Data extract:
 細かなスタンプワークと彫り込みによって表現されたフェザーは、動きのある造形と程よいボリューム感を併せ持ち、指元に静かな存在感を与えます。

---

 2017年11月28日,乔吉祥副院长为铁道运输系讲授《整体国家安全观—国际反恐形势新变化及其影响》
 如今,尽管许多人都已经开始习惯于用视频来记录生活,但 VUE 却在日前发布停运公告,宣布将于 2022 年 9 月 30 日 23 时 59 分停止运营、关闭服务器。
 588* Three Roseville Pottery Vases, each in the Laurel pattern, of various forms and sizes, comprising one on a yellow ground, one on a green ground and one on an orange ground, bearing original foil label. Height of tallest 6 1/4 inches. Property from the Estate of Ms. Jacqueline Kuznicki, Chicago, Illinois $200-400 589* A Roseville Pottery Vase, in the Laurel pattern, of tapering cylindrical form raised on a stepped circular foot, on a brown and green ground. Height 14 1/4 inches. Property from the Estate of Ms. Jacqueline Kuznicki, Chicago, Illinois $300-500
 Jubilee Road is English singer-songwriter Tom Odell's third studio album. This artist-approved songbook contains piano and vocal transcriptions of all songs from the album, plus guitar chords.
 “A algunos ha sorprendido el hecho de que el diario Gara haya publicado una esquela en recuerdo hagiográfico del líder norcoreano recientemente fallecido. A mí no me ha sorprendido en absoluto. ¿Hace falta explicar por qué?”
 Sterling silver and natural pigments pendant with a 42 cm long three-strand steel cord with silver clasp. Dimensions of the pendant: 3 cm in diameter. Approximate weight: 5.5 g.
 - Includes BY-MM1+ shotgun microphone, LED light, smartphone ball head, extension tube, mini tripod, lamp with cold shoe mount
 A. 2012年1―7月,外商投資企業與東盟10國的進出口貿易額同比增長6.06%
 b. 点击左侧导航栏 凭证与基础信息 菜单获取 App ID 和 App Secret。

* * *

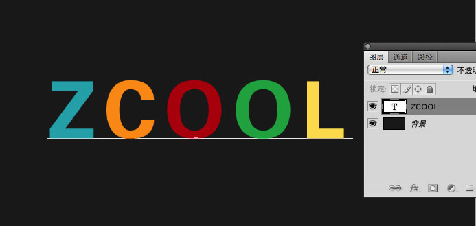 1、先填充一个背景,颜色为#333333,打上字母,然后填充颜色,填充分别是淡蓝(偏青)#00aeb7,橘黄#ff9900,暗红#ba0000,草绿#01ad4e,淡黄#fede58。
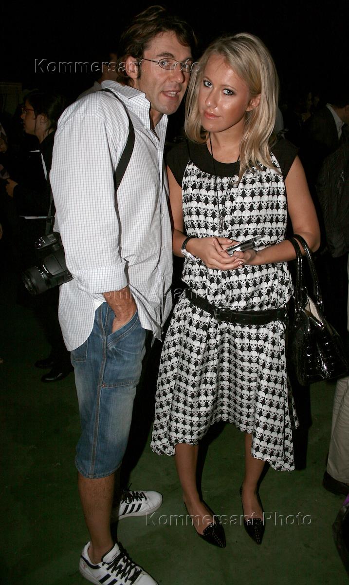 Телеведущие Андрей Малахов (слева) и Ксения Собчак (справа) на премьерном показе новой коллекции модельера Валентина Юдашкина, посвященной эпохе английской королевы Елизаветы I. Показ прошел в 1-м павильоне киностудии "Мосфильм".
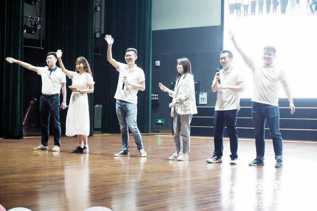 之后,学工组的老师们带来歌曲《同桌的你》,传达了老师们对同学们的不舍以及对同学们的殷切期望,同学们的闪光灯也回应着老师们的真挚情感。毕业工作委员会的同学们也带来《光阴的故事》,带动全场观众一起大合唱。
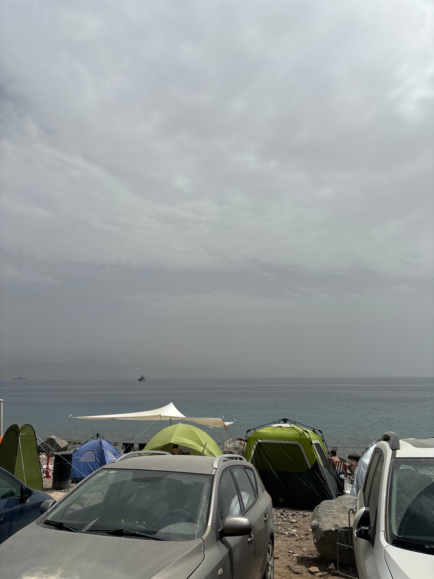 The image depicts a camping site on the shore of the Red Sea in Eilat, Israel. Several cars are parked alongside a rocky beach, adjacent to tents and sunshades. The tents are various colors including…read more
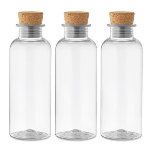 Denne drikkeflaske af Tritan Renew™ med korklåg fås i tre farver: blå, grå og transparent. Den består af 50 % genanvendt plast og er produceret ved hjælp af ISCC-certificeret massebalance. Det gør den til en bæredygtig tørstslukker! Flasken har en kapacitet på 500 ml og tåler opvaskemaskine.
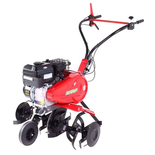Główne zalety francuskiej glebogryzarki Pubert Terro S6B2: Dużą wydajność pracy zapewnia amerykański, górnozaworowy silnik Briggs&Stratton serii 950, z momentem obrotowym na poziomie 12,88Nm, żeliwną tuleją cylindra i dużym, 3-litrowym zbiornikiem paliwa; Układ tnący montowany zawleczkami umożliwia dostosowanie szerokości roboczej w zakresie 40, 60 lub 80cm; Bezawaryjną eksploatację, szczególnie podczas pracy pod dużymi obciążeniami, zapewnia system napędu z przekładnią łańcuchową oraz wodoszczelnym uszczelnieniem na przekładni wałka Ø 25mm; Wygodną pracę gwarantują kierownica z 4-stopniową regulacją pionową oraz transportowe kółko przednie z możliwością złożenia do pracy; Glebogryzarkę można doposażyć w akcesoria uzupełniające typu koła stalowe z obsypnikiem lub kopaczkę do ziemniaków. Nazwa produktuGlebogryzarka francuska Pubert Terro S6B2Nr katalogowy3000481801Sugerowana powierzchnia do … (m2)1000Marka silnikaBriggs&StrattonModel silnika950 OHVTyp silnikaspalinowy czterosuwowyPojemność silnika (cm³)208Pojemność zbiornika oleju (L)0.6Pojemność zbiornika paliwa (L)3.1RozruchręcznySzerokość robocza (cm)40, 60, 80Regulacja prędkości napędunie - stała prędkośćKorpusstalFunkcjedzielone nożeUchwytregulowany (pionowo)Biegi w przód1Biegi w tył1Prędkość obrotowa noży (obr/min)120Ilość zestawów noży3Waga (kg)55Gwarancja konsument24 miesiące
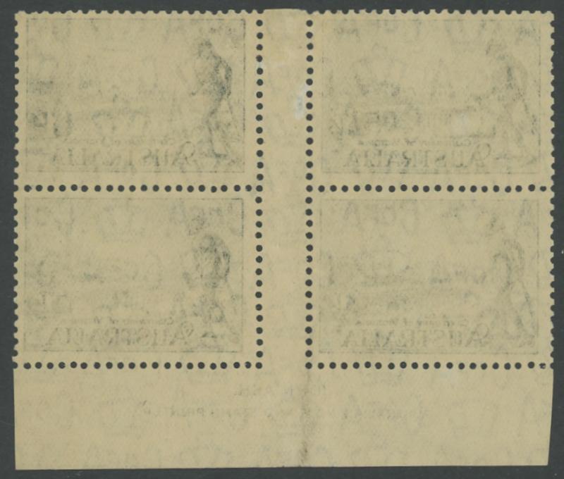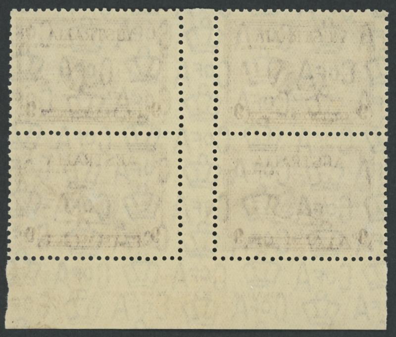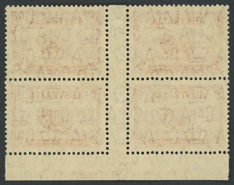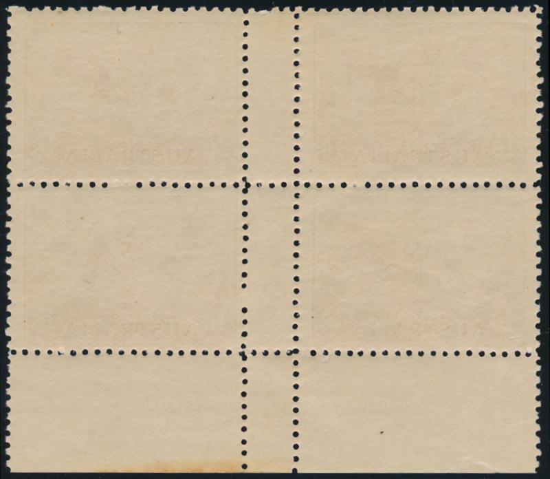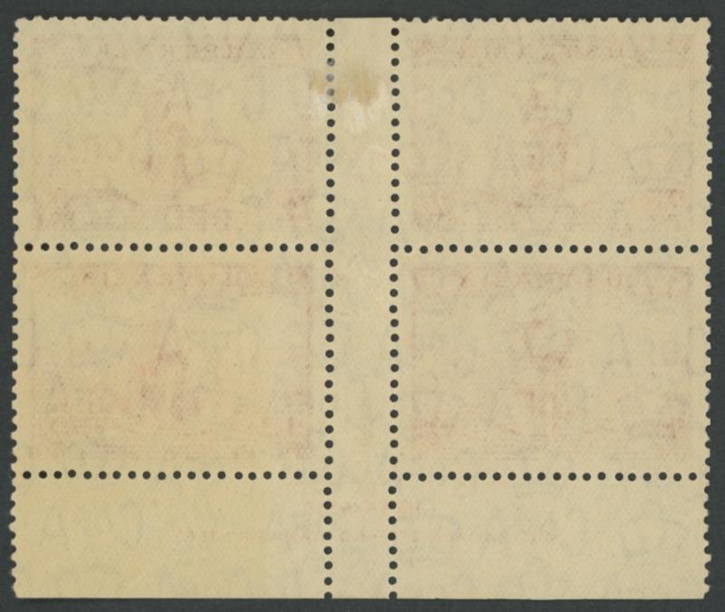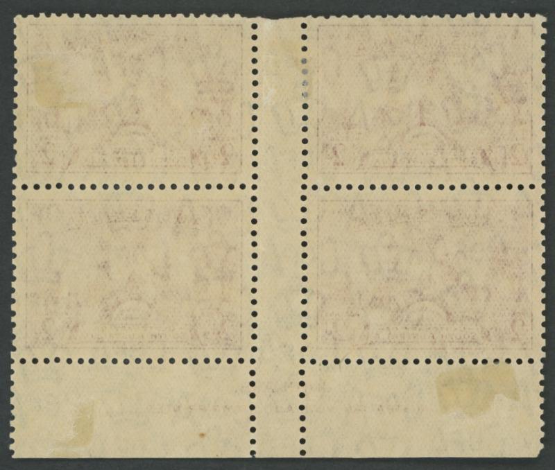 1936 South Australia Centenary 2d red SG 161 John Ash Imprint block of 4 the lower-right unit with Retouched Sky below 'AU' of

Task instructions: From the records above, copy exactly the lines starting at the one with "之后,学工组的老师们带来歌曲" and ending at the one with "Denne drikkeflaske af", and no others. Pictures stay out.

Result for this exercise:
 之后,学工组的老师们带来歌曲《同桌的你》,传达了老师们对同学们的不舍以及对同学们的殷切期望,同学们的闪光灯也回应着老师们的真挚情感。毕业工作委员会的同学们也带来《光阴的故事》,带动全场观众一起大合唱。
 The image depicts a camping site on the shore of the Red Sea in Eilat, Israel. Several cars are parked alongside a rocky beach, adjacent to tents and sunshades. The tents are various colors including…read more
 Denne drikkeflaske af Tritan Renew™ med korklåg fås i tre farver: blå, grå og transparent. Den består af 50 % genanvendt plast og er produceret ved hjælp af ISCC-certificeret massebalance. Det gør den til en bæredygtig tørstslukker! Flasken har en kapacitet på 500 ml og tåler opvaskemaskine.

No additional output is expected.